Work task => Your task is to repeat exactly the lines below between the line holding "2 light weight" and the line holding "Stan AM7 se", inclusive, and only those.

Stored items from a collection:

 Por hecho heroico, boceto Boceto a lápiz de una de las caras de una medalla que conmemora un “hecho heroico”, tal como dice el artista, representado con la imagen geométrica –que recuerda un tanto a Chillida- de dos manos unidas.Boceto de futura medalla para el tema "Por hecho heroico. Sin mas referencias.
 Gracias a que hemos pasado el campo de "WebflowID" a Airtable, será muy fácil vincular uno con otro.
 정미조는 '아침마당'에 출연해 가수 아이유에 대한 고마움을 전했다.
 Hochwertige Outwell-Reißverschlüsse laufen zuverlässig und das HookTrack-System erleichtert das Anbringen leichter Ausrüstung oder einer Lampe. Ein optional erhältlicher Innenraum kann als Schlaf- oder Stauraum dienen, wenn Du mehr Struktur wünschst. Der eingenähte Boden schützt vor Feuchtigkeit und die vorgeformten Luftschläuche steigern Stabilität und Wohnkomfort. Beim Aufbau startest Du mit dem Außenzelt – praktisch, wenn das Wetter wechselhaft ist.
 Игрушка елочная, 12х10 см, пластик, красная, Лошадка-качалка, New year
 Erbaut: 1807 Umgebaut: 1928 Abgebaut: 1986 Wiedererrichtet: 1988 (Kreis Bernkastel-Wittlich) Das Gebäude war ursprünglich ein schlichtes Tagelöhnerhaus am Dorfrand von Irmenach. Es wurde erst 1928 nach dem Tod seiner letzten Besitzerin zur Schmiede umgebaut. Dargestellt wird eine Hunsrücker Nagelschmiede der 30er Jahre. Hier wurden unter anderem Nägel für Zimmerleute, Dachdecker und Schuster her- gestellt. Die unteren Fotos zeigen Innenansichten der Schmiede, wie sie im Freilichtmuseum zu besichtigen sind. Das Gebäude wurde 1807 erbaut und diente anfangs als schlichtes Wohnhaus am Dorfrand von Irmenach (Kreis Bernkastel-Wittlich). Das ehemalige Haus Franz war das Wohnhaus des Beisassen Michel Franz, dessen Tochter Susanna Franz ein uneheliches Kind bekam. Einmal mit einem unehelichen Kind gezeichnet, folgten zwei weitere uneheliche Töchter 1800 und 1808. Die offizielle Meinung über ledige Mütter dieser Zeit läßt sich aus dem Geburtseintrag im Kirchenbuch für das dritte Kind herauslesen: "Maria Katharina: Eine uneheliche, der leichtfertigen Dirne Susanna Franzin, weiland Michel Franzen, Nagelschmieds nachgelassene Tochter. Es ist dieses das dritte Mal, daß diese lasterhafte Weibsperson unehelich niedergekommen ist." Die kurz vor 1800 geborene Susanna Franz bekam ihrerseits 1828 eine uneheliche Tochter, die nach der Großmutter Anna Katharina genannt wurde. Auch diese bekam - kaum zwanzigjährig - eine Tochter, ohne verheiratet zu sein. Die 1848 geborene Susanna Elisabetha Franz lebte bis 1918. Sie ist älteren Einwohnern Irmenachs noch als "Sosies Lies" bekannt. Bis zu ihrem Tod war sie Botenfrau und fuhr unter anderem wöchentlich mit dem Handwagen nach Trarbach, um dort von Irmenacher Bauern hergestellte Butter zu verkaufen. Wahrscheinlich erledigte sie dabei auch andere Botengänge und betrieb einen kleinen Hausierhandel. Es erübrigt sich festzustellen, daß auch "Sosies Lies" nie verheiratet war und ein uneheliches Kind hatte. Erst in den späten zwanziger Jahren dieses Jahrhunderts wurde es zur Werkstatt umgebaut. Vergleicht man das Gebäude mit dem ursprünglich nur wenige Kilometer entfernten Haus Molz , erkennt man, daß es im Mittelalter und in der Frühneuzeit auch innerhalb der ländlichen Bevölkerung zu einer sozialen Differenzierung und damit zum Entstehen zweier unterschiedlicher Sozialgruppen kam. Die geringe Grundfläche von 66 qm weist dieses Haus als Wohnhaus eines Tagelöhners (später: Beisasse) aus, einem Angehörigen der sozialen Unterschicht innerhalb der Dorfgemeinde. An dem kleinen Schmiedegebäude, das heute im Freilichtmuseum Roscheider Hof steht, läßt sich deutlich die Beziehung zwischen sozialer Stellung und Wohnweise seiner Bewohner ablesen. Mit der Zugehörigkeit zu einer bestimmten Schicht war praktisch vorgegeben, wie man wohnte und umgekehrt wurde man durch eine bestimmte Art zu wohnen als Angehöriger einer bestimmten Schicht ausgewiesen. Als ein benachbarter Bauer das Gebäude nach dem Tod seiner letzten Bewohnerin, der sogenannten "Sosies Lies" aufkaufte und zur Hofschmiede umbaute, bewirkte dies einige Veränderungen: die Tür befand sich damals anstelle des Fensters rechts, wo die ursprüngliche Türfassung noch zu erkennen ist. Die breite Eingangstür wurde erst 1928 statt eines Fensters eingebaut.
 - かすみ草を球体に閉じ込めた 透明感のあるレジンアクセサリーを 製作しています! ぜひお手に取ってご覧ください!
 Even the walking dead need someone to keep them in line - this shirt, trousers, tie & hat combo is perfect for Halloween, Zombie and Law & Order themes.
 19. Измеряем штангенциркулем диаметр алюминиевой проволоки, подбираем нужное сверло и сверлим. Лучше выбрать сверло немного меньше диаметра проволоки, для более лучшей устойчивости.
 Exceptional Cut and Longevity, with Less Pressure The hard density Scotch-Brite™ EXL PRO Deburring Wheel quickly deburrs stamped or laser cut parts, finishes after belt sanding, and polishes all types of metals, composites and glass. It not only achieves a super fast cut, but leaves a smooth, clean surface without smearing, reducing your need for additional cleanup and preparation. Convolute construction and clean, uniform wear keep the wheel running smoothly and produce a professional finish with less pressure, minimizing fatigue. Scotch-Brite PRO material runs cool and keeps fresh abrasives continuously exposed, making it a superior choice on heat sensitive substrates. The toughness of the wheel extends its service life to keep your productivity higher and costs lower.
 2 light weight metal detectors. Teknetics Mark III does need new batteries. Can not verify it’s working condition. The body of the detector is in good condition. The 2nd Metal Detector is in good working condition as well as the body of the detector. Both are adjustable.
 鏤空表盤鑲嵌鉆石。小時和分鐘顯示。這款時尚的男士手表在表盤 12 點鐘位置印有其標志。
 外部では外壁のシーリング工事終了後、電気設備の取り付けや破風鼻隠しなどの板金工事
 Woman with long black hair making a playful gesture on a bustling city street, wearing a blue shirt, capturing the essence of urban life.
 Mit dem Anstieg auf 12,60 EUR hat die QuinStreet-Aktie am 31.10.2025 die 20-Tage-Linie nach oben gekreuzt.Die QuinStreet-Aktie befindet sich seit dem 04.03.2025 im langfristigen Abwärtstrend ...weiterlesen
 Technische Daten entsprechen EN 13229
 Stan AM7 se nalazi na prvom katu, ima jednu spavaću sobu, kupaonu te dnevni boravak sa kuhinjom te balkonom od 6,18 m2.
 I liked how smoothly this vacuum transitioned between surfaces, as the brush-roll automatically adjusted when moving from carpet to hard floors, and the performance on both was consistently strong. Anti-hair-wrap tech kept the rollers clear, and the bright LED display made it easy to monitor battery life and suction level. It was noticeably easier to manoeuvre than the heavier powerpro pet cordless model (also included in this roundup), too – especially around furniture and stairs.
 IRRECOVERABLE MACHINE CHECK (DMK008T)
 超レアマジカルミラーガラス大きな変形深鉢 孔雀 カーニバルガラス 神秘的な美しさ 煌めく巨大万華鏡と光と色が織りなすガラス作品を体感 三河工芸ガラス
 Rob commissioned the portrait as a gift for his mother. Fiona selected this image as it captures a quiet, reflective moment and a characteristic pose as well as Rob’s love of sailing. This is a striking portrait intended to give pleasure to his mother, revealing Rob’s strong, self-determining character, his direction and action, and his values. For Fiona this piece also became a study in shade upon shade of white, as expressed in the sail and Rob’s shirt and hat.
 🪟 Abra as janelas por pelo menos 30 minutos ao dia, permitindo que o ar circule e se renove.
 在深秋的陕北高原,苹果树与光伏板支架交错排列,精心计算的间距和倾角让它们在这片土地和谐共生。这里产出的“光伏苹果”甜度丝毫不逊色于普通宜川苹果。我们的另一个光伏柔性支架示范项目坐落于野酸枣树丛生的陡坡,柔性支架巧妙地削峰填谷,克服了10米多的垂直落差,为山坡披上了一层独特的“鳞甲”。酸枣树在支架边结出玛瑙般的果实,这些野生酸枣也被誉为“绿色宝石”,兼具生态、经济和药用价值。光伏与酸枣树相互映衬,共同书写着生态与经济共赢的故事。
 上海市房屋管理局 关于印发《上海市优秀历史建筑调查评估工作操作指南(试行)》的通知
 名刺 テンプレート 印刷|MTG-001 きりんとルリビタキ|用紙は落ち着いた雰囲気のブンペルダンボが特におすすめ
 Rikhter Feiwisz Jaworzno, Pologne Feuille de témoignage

Answer box =>
 2 light weight metal detectors. Teknetics Mark III does need new batteries. Can not verify it’s working condition. The body of the detector is in good condition. The 2nd Metal Detector is in good working condition as well as the body of the detector. Both are adjustable.
 鏤空表盤鑲嵌鉆石。小時和分鐘顯示。這款時尚的男士手表在表盤 12 點鐘位置印有其標志。
 外部では外壁のシーリング工事終了後、電気設備の取り付けや破風鼻隠しなどの板金工事
 Woman with long black hair making a playful gesture on a bustling city street, wearing a blue shirt, capturing the essence of urban life.
 Mit dem Anstieg auf 12,60 EUR hat die QuinStreet-Aktie am 31.10.2025 die 20-Tage-Linie nach oben gekreuzt.Die QuinStreet-Aktie befindet sich seit dem 04.03.2025 im langfristigen Abwärtstrend ...weiterlesen
 Technische Daten entsprechen EN 13229
 Stan AM7 se nalazi na prvom katu, ima jednu spavaću sobu, kupaonu te dnevni boravak sa kuhinjom te balkonom od 6,18 m2.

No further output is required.